Problem details: Repeat exactly what runs from the line with "10月1日，江发·翡翠观澜精" through the last line of the material, and keep the pictures out of it.

Exercise materials:
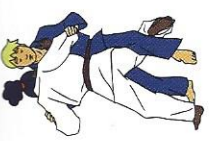
O-uchi-gari Groter binnenwaartse maai
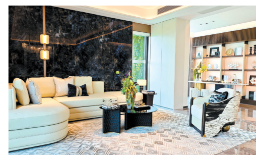
江发·翡翠观澜样板房实景图。

10月1日，江发·翡翠观澜精心打磨的会所“观澜荟”及6栋实景样板房正式对外开放。活动当天，江发·翡翠观澜还举行了品牌商家联盟签约和主题为“江门封面 大美观澜”的江发·翡翠观澜首届城市封面摄影大赛启动仪式。
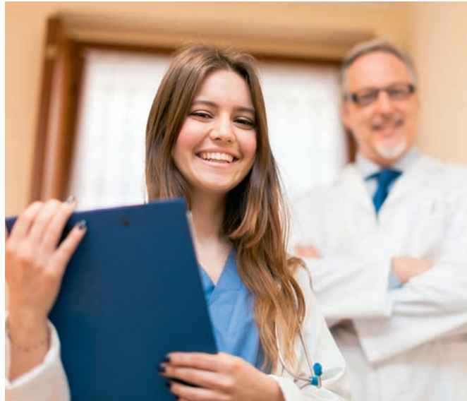
Große Erleichterung: 40 Lehrpraxisstellen pro Jahr werden ab nun finanziert.

Denn in Oberösterreich werden in den kommenden zehn Jahren etwa 380 praktische Kassenärzte in Pension gehen. Jährlich wären 38 bis 40 Nachfolger notwendig, um den Ist-Stand zu halten. Doch derzeit

Exercise solution:
10月1日，江发·翡翠观澜精心打磨的会所“观澜荟”及6栋实景样板房正式对外开放。活动当天，江发·翡翠观澜还举行了品牌商家联盟签约和主题为“江门封面 大美观澜”的江发·翡翠观澜首届城市封面摄影大赛启动仪式。
Große Erleichterung: 40 Lehrpraxisstellen pro Jahr werden ab nun finanziert.

Denn in Oberösterreich werden in den kommenden zehn Jahren etwa 380 praktische Kassenärzte in Pension gehen. Jährlich wären 38 bis 40 Nachfolger notwendig, um den Ist-Stand zu halten. Doch derzeit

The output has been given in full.